CBCT Selection Criteria: Under what clinical circumstances should CBCT be used?
Friends and fellow colleagues,
This post outlines and illustrates the recommended best practices for choosing when to use a CBCT scan and is based on the recently published CBCT guidelines by the ADA and the AAOMR (American Academy of Oral and Maxillofacial Radiology).

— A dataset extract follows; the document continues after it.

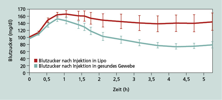 ImVergleich zur Insulininjektion in gesundes Gewebe resultierte die Injektion in Lipos in beträchtlich höheren postprandialen Blutzuckerkonzentrationen. Die Autoren der Studie kamen zu der Schlussfolgerung, dass Insulininjektionen in Lipos die Insulinabsorption reduzieren und zu einer schlechteren Blutzuckereinstellung nach den Mahlzeiten führen.

These guidelines are recommendations based on an in-depth review of the scientific and clinical literature. They're not based so much on the opinion but on the state-of-the-art as we know from the published literature. These guidelines are recommendations and are not legally binding. The clinician still should use their own clinical judgment and decision making about ordering radiographs and CBCT scans for specific individual patients.
The overall general theme is to order radiographs or CBCT scans based on the patient's history, clinical findings and current needs. This has not changed from the previous recommendations published in 2012. Acquiring a cone beam CT on every patient is not recommended.
I hope this generates some discussion. Please feel free to ask questions and express your own point of view.
Best regards,
Don Tyndall
I have been involved in this thechno for many years since the advent of ct imaging. My criteria and prejucice is a function of the tremendous amount of pathology uncovered in my patient population that are many times asymptomatic. I many times have stumbled across significant pathology in the paranasals, temporal bones, jaw joints, retropharyngeal asymmetry, mid cranial fossa, and on and on. This last week alone our images revealed dehisced superior semicircular canals, coalescent mastoiditis, msdo sinus pathology, periapical osseous expansile fibrous dysplasia, and sphenoid sinus fungal infection. I scan all adult patients every 3 to 5 years, depending on history and medical status.
Don,
Thank you for the attachment. I am grateful for your summary. CBCT is indeed an amazing part of diagnostic and treatment phases of treatment.
How do you view the relentless drive by the AI assisted image processing software companies (too numerous to list) to accentuate, even normalize, using massed CBCT data to deliver full charting baseline findings. To me, this push feeds into the sped up world of patient demand/immediate gratification and increased productivity at the expense of radiation exposure. How do we, as an entire profession, guard against this?
Chris
Hi Thomas,
Thank you for your contribution. Yes, it is true that there are incidental findings found in many CBCT scans. There have been many articles published on the topic including one from UNC (Price JB, Thaw KL, Tyndall DA, Ludlow JB and Padilla R : Incidental findings from cone beam computed tomography of the maxillofacial region: a descriptive retrospective study Clinical Oral Implants Research 2012(11):1261-1268.) Most of the studies have similar conclusions that about 30% of CBCT scans have “actionable” findings. About half are suggestions for follow up imaging and the other half need clinical therapy, usually periapical lesions undetected with previous imaging. Interestingly, a recent publication demonstrated that about half of the incidental findings seen in cone beam CT can also be seen in two-dimensional images (Crockett B, Broome A, Tawil P, Tyndall D. Comparison of incidental findings on cone beam computed tomographic and 2-dimensional images. Gen Dent. 2023 Jul-Aug;71(4):64-71. PMID: 37358586). Nevertheless, it's important to remember that incidental findings that require follow up do occur with CBCT images. The panel of reviewers, which represented all disciplines, judged that the frequency and the importance of these findings were not justified by taking CBCT scans on every patient. That being said, as I mentioned in the post, these are recommendations only. In the end it is the clinician ordering the CBCT scans to determine the selection criteria that works best in their practice.